剪枝模型通过继承class BasePruningMethod()来执行剪枝, 内部有若干方法: call, apply_mask, apply, prune, remove等等. 一般来说, 用户只需要实现__init__, 和compute_mask两个函数即可完成自定义的剪枝规则设定.

In [101]:
# 自定义剪枝方法的类, 一定要继承prune.BasePruningMethod
class custom_prune(prune.BasePruningMethod):
    PRUNING_TYPE = "unstructured"

    # 内部实现compute_mask函数, 完成程序员自己定义的剪枝规则, 本质上就是如何去mask掉权重参数
    def compute_mask(self, t, default_mask):
        mask = default_mask.clone()
        # 此处定义的规则是每隔一个参数就遮掩掉一个, 最终参与剪枝的参数量的50%被mask掉
        mask.view(-1)[::2] = 0
        return mask

# 自定义剪枝方法的函数, 内部直接调用剪枝类的方法apply
def custome_unstructured_pruning(module, name):
    custom_prune.apply(module, name)
    return module

In [102]:
import time
# 实例化模型类
model = LeNet().to(device=device)

start = time.time()
# 调用自定义剪枝方法的函数, 对model中的第2个全连接层fc2中的偏置bias执行自定义剪枝
custome_unstructured_pruning(model.fc2, name="bias")
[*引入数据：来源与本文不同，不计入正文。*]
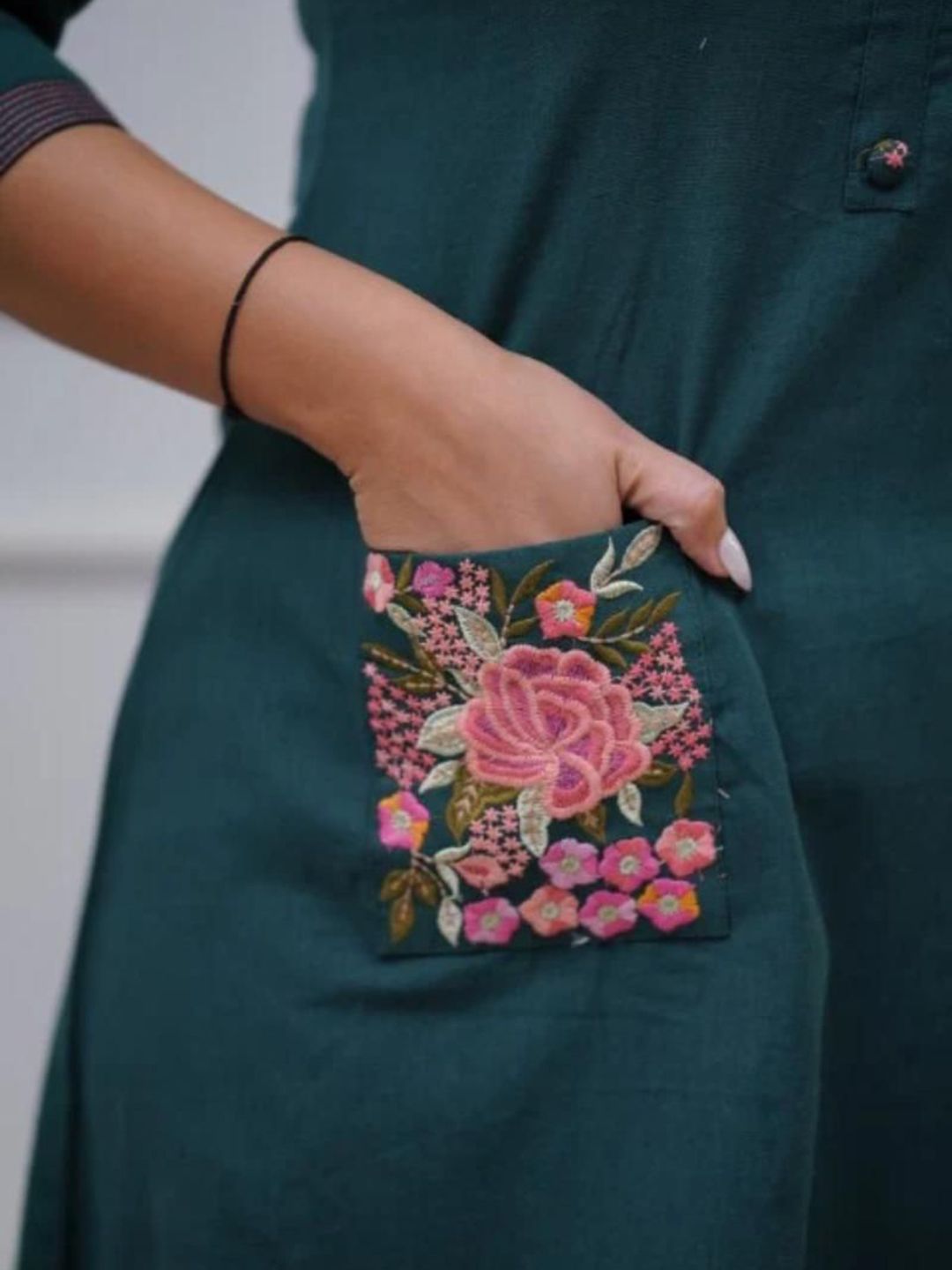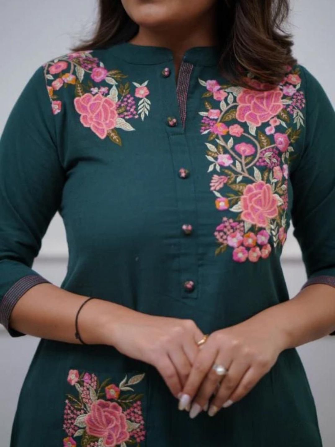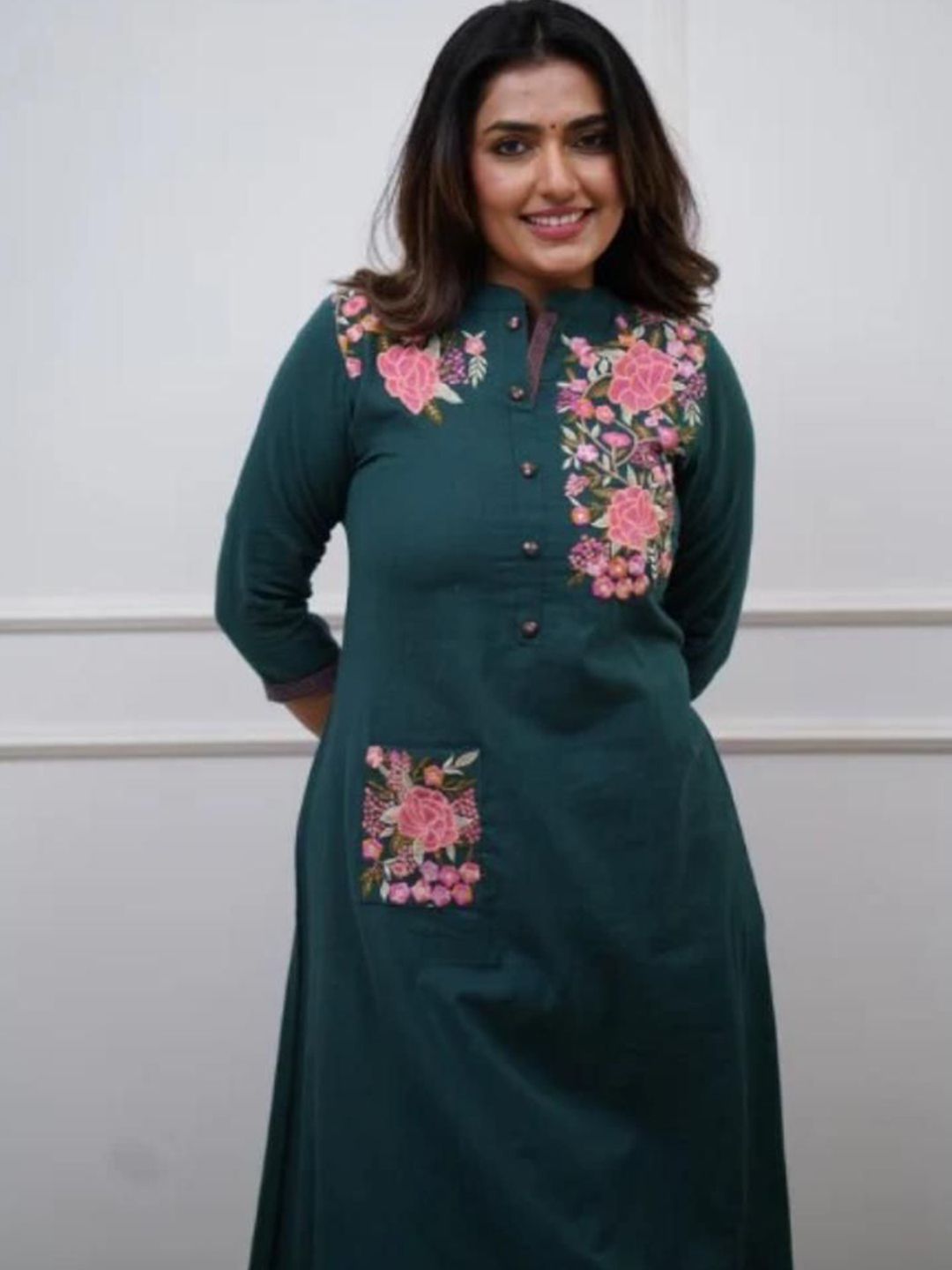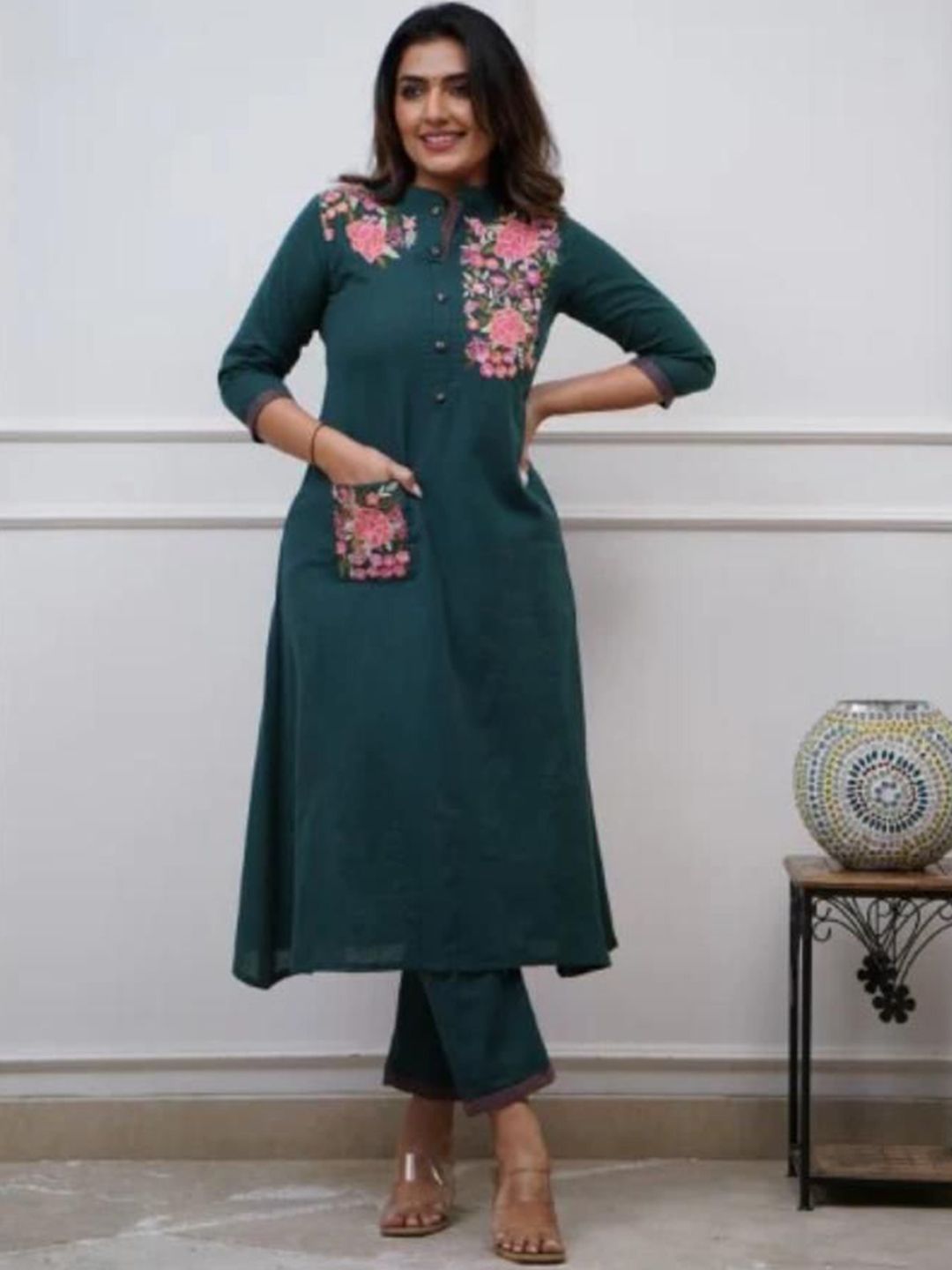Aaysa Kurti Floral Embroidered Mandarin Collar Pure Cotton Kurta With Trouser

# 剪枝成功的最大标志, 就是拥有了bias_mask参数
print(model.fc2.bias_mask)

# 打印一下自定义剪枝的耗时
duration = time.time() - start
print(duration * 1000, 'ms')

tensor([0., 1., 0., 1., 0., 1., 0., 1., 0., 1., 0., 1., 0., 1., 0., 1., 0., 1.,
        0., 1., 0., 1., 0., 1., 0., 1., 0., 1., 0., 1., 0., 1., 0., 1., 0., 1.,
        0., 1., 0., 1., 0., 1., 0., 1., 0., 1., 0., 1., 0., 1., 0., 1., 0., 1.,
        0., 1., 0., 1., 0., 1., 0., 1., 0., 1., 0., 1., 0., 1., 0., 1., 0., 1.,
        0., 1., 0., 1., 0., 1., 0., 1., 0., 1., 0., 1.])
1.9998550415039062 ms


结论: 打印出来的bias_mask张量, 完全是按照预定义的方式每隔一位遮掩掉一位, 0和1交替出现, 后续执行remove操作的时候, 原始的bias_orig中的权重就会同样的被每隔一位剪枝掉一位. 在GPU机器上执行自定义剪枝速度特别快, 仅需1.7ms.